Rocio de la Villa (born 1959) is a Spanish university professor, art historian, curator, researcher and art critic. She has edited and collaborated in the edition of distinct catalogues and publications related with the art and the position of the woman in the artistic world. In 2014 she was rewarded with the Prize MAV in the modality of Criticism of art. She also goes by the names Rocio de la Villa Ardura and Rocio Villa-Ardura.

== Art historian ==
De la Villa is Professor in the Autonomous University of Madrid of Aesthetics and Art Theory. She obtains the professorship of Aesthetics and Art Theory.in the same university. Besides she gives class in the Master of History of Contemporary Art and visual Culture that offers the Museo Reina Sofia. Also she gives classes in the Master of Studies Interdisciplinares of Gender at the Woman´s Studies Institute.
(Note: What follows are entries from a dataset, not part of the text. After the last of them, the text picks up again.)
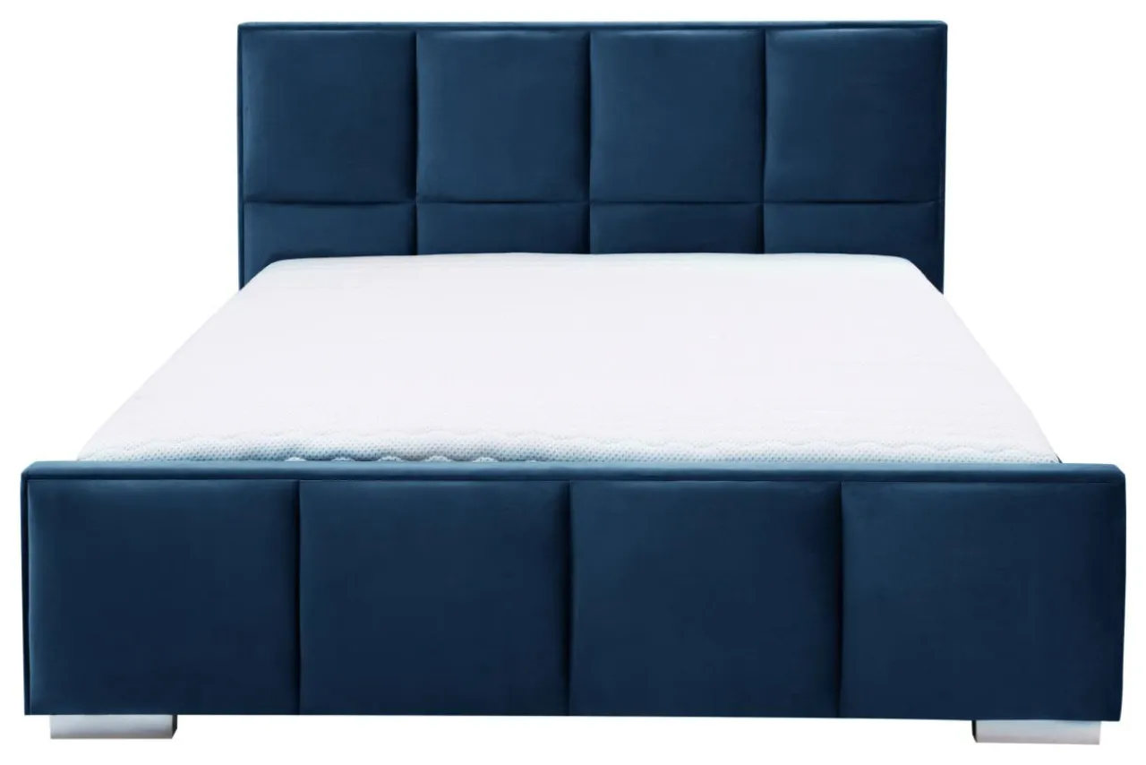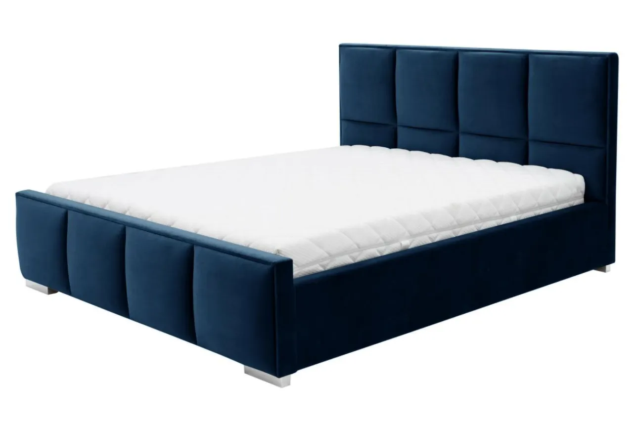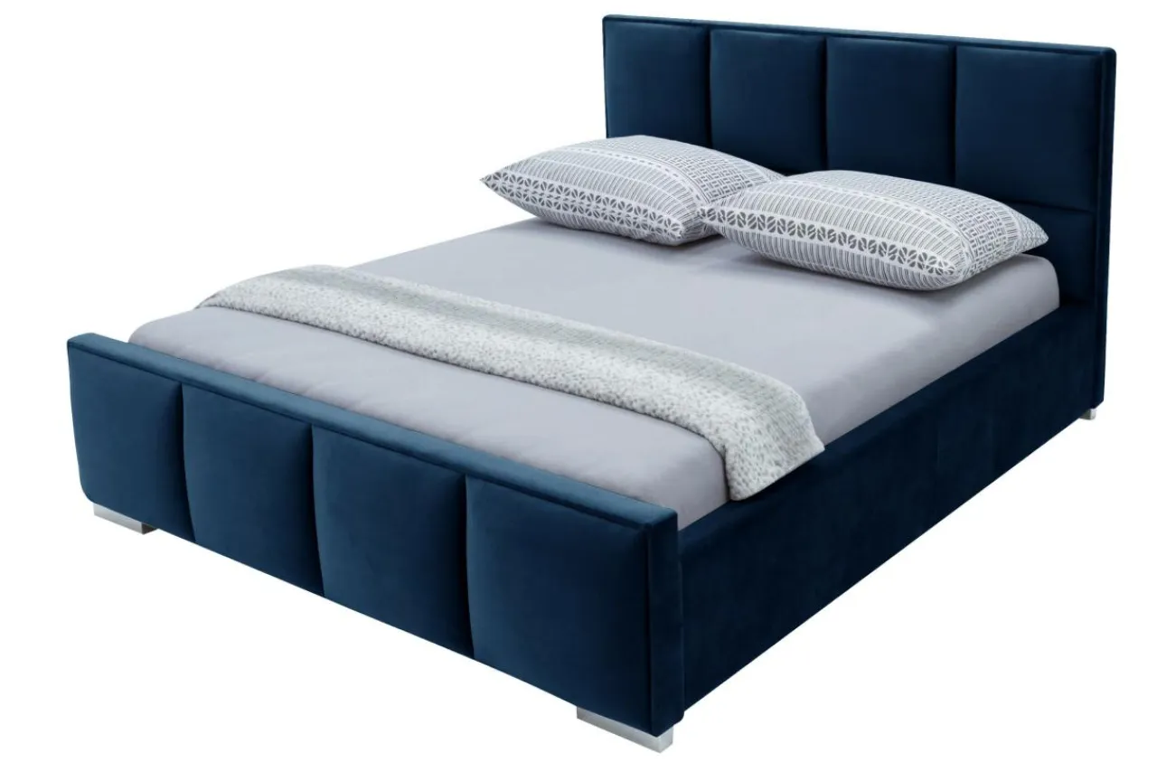 - Łóżko pokryte granatową tapicerką sprawi, że Twoja sypialnia będzie wyglądać bardzo elegancko.
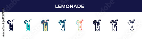 lemonade icon in 8 styles. line, filled, glyph, thin outline, colorful, stroke and gradient styles, lemonade vector sign. symbol, logo illustration. different style icons set.
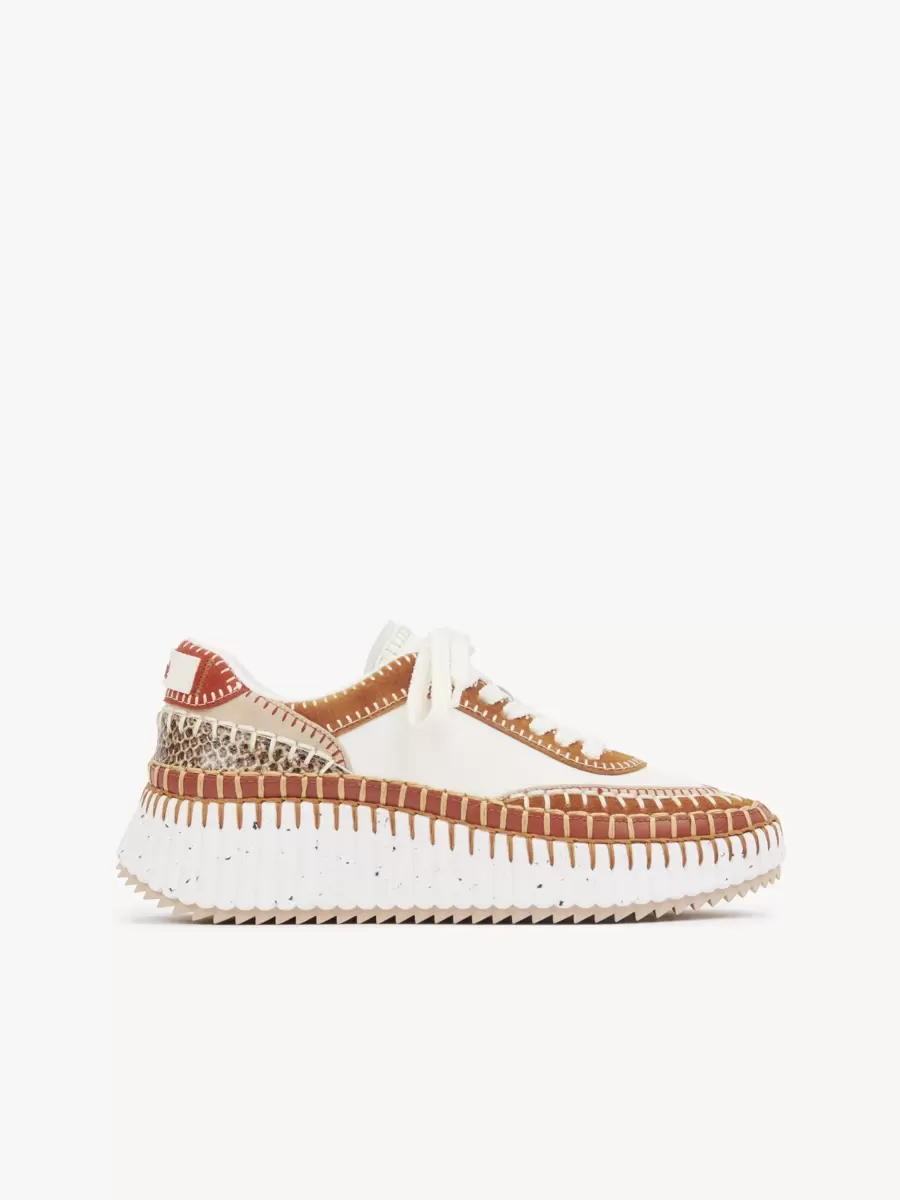 Confeccionadas en piel de vacuno lisa y ante con detalle de efecto serpiente Ayers, estas zapatillas Nama se asientan sobre una icónica, ligera y ultracómoda suela reciclada con efecto moteado. Su acabado es una impecable costura de manta, que se realiza a mano en 4,5 horas. El logotipo de Chloé bordado marca la parte trasera y la lengüeta.
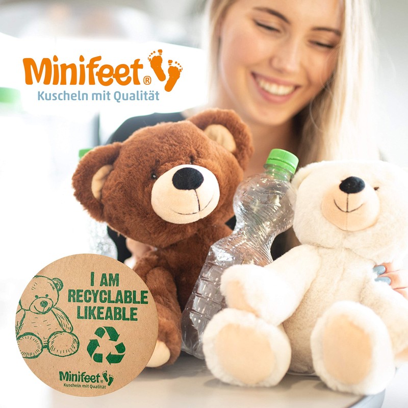 Minifeet Recycled Bear, Sustainable Cuddly Toy Teddy Bear Made from 100% Recycled PET Bottles, Plush Toy, Gift for Children, Baby, Girl, Boy, Birthday, Christmas, Advent Calendar
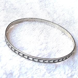 Thin .2 inch (.5 cm) sterling silver bangle. A row of tiny, raised hearts on a textured, oxidized background. 2.5" inch (6.4 cm) diameter. Lightweight and delicate.

President of the Spanish Society of Aesthetics and Theory of the Arts as of 2013 and a co-founder of the Asociación de Mujeres en las Artes Visuales (MAV), of which has been president between the years 2009 and 2012.

She has directed different cycles and conferences such as the first European Congress of Aesthetics celebrated in Madrid (2011), the cycle of conferences Heroines and the symposium Agencia Feminista y empowerment en artes visuales, both celebrated in the Museum Thyssen-Bornemisza. Also she organised, together with the professor Jesús Carrillo Castillo, the first Congress on Art and Woman (Contraposiciones. Mujeres en el arte actual) in the Autonomous University of Madrid (2001).

== Publications ==
As critical of art collaborates in Cultura/s of the newspaper La Vanguardia, in the El Cultural of the newspaper El Mundo and other specialized magazines in contemporary art: ars Magazine, ExitBook, ExitExpress, Dardo Magazine, Magazine Matador, etc. Also, she has co-edited and written publications like Guía del usuario de arte actual (Tecnos, 2003), Guía del Arte hoy (Tecnos, 2003) or Mujeres en el sistema del arte en España (EXIT/MAV, 2012).

In 2012 she founded and, since then she directs the on-line magazine M-arteyculturavisual.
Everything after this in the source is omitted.